* Data for this task

"""

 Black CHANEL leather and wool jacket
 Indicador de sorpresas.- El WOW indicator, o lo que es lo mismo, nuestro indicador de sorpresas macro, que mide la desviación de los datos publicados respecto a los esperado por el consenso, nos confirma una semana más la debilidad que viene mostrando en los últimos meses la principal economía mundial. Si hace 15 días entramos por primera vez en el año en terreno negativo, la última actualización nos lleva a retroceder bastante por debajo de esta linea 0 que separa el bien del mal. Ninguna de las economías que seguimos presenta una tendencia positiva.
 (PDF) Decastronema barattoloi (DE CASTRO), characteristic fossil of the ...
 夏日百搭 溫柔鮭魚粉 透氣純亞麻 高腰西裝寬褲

"""
"""

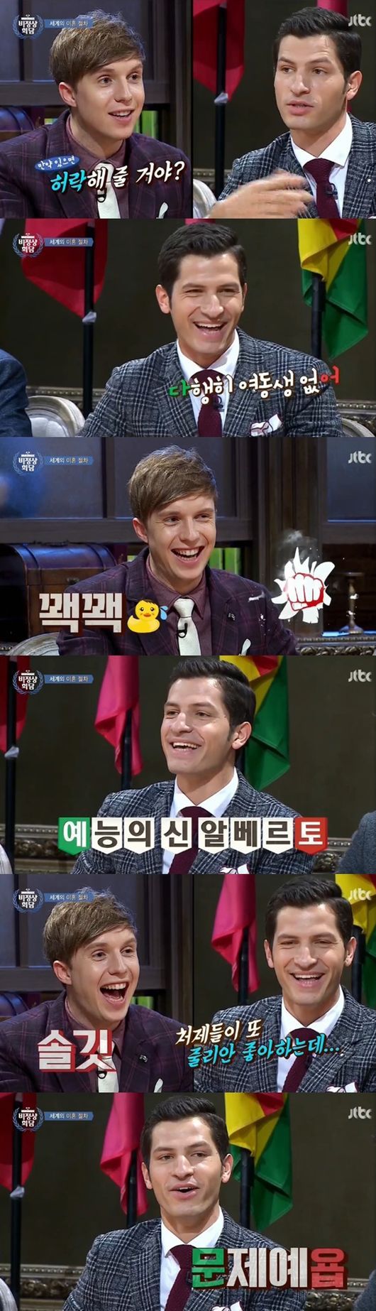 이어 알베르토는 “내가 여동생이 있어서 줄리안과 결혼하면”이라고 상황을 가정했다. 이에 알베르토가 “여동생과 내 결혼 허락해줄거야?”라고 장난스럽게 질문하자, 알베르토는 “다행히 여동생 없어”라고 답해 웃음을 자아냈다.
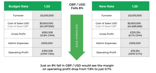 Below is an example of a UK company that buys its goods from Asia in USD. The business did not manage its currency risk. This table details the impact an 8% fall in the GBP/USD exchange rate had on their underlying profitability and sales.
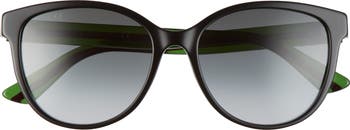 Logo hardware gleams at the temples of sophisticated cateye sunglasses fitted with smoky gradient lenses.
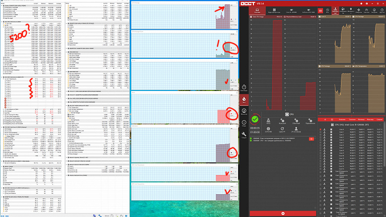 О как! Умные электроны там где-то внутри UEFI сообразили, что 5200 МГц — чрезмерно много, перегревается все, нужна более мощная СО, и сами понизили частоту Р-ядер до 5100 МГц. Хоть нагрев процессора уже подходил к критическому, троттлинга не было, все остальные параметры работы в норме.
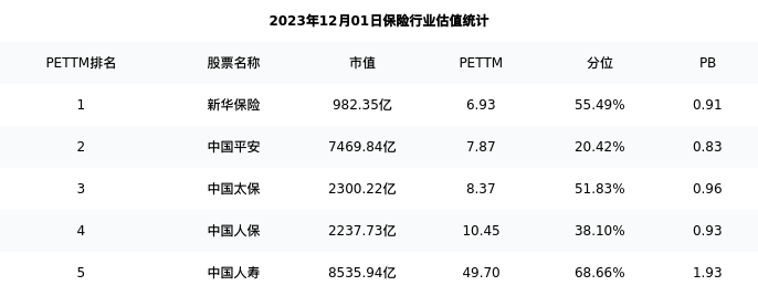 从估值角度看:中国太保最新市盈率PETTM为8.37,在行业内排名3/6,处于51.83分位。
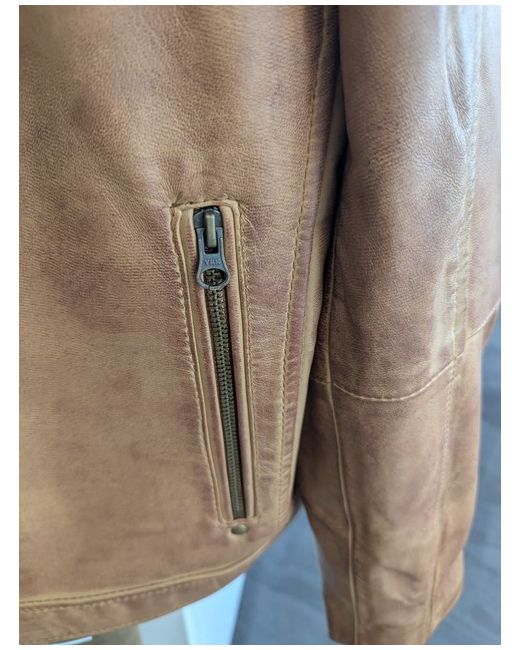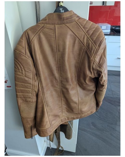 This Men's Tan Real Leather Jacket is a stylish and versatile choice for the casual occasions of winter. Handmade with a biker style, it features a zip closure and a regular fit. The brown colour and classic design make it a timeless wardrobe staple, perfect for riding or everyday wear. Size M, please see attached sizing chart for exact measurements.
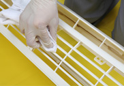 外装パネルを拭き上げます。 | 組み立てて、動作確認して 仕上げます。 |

"""

* About this task
Above this instruction are the records; retype exactly the lines from the one containing "(PDF) Decastronema barattoloi" up to and including the one containing "夏日百搭 溫柔鮭魚粉 透氣純亞麻 高腰西裝寬褲".

* Task output
 (PDF) Decastronema barattoloi (DE CASTRO), characteristic fossil of the ...
 夏日百搭 溫柔鮭魚粉 透氣純亞麻 高腰西裝寬褲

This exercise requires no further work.